The French still do not understand air conditioning. I used to have mixed feelings about air conditioning. My philosophy was that you should somehow be adaptive enough and stoic enough to do without it. Or move. My perspective changed after the 2003 heatwave. It was so hot, for so long, that it killed 14,000 French people. Once you undergo suffering like that, you realize what a true gift to humanity climate engineers have made. Back in 2003, we searched high and low for any air conditioned spaces we could find. Mostly we failed. The only truly American-style refrigeration was an Irish pub run by some guy from Atlanta who knew the score. The place was packed, and, oh so deliciously cool.

Since then, apparently, nothing has changed. The sun scorched the limestone, asphalt and trees towards the end of the week, cooking the rest of us along the way. I sweated copiously and inelegantly. No air con, anywhere.

Globalization and . . .
The young people look just the same. Well, there are fewer puffy, bloated ones, and the girls are slimmer. But except for a few tell-tale gestures, they could be from San Fran, or Toronto or Chicago -- but from the hipper neighborhoods. Maybe this is a function of my age, and all the young ones are beginning to blend together. Or perhaps it's globalization being fully realized in Nikes and Gap and Puma-clad millenials. But the young women look better -- did I mention that?

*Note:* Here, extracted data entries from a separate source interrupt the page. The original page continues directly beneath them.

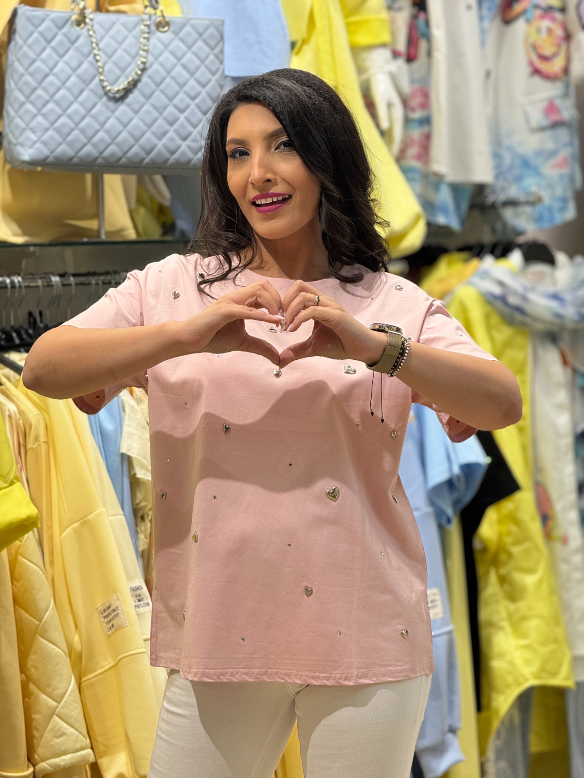 • Design romantic cu inimioare delicate.
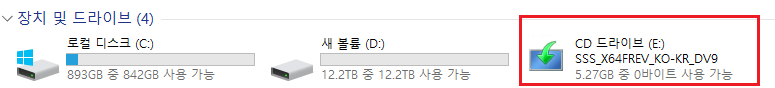 윈도우 ISO 파일 드라이브로 돌아와 경로를 확인한다.
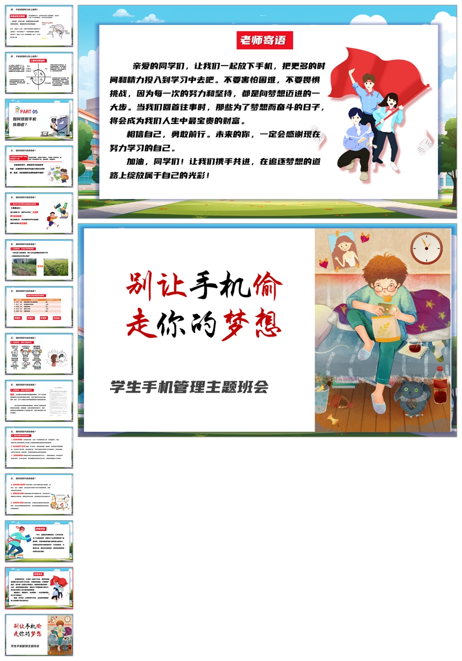 【8331】【手机管理】《别让手机偷走你的梦想》拒绝沉迷手机主题班会PPT(课件+教案+视频)

(An American tourist wearing cargo shorts, a baggy polo shirt and oversized sneakers is not necessarily any more stupid looking that a Frenchman in capri shorts and a sleeveless shirt.)

. . . Exhaustion
Being in Paris this time made me recall all those gloomy, Spenglerian moans about the death of civilization. It all seemed used up, filled with relics or copies. I know there's supposed to be some techno-driven scenes in the suburbs and hip hop and whatever else, but all that's second-hand, anyway, and cancerous on top of it. That's a simple-minded measurement, but the pop culture seems derivative. (The cinema, though, seems stronger to me). High culture seems irrelevant, a means, mainly, for torturing sclerotic tourists from Tokyo and Columbus, Ohio, who trudge through the museums with grim determination, never spending more than 20 seconds in front of any painting or sculpture. The galleries seem second hand, often -- I don't know why.

But -- where's France? I didn't feel the spine of it this time; maybe my radar was off, but it all seemed to be devolving into ersatz mall culture so quickly that I considered giving the sexy le Pen daughter a call or a donation or something, though I doubt that's the answer. Deporting immigrants and a return to the Church seem both unlikely and ineffectual; the combine grinds on. Our allies are lunatics, mostly, on the fringe, crazy farmers or quiet voiced men in the background, the very deep background, meeting to discuss the influence of Free Masons or whether or not to bring back the Bourbons.

Meanwhile, everyone fiddles with their mp3 players instead of reading, the way they used to.

And. Starbucks?? McDonald's makes a kind of sense, an addition, something new, but Starbucks in Paris is so meta it must make Deleuze's head spin. So many corners seem to aspire to the same perfumed quaintness or quirkiness you have your nose rubbed into in those refurbished centers in American cities. Just stop with that, okay? Stop. You want all that stuff, come over here, or visit Singapore.

I'm cutting myself off here -- maybe I'll write some more in another post. I did strongly feel that we're at the end of an era, maybe the way people felt in 1913. The new era is probably with us already, and we haven't noticed it -- take the obsession with prosthetics, with robotics, with the eye and the finger tip.

And with the apocalypse, as we quietly choke under the hazy yellow skies.